Čolić started his professional career at Željezničar, spending six years at the club, before joining Čelik Zenica in 2015. He then left Čelik and signed with Zrinjski Mostar in 2016. Later that year, he joined Olimpik. In July 2017, Čolić signed with Czech First League club Karviná. In the summer of 2019, he was transferred to Dynamo České Budějovice.

Čolić also represented the Bosnia and Herzegovina national team in 2011.

Club career

Early career
Born in Sarajevo, SFR Yugoslavia, Čolić started his professional career at hometown club Željezničar in 2009. He played for the club all the way until 2015, making over 100 appearances for Željezničar and winning five trophies (three league titles and two cups).

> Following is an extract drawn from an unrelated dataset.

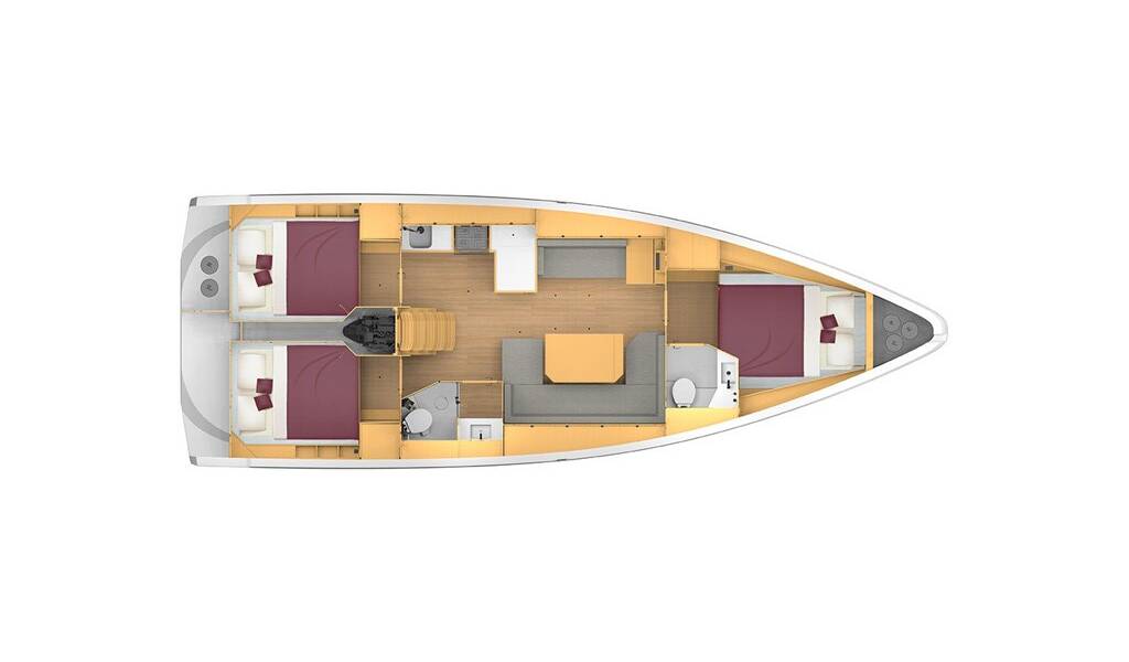 Sailing yacht Bavaria C42 Nomad, built in 2021 is anchored in the Fethiye, Yes Marina, Aegean, Turkey. It has 3 cabins, can accommodate 6 people and has 2 toilets. Bed linen and kitchen equipment are included in the price.
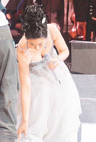 而沙麗則以高貴宮廷貴婦造型亮相,她身穿性感的白色低胸吊帶裙,披了小外套,襯以高髻發(fā)型,并佩戴閃令令的鉆石耳環(huán)及戒指,貴氣十足,但沙麗自嘲發(fā)型似菠蘿頭.之后沙麗問(wèn)歌迷介不介意她脫去外套?然后指揮家便替沙麗除去外套,沙麗說(shuō):“今晚不跳舞,不會(huì)有危險(xiǎn).今晚我買(mǎi)了保險(xiǎn),如果像我老公一樣跌傷也會(huì)有錢(qián)賠!

Čolić left Željezničar in June 2015 and shortly after signed a contract with Čelik Zenica. After Čelik, he played for Zrinjski Mostar, winning one more league title, and Olimpik.

Karviná
On 17 July 2017, Čolić signed a two-year contract with Czech First League club Karviná. Less than a month later, he made his official debut for Karviná in a 1–1 home draw against Mladá Boleslav on 13 August 2017. He left the club after two years, in June 2019.

Dynamo České Budějovice
Shortly after leaving Karviná, Čolić signed a contract with Dynamo České Budějovice on 18 June 2019. His first game for Dynamo was in a 1–0 home defeat against Opava on 14 July 2019. Čolić scored his first goal for the club in a league game on 4 August 2019, a 1–1 home draw against Jablonec.

International career
Čolić was part of the Bosnia and Herzegovina U19 and U21 national teams.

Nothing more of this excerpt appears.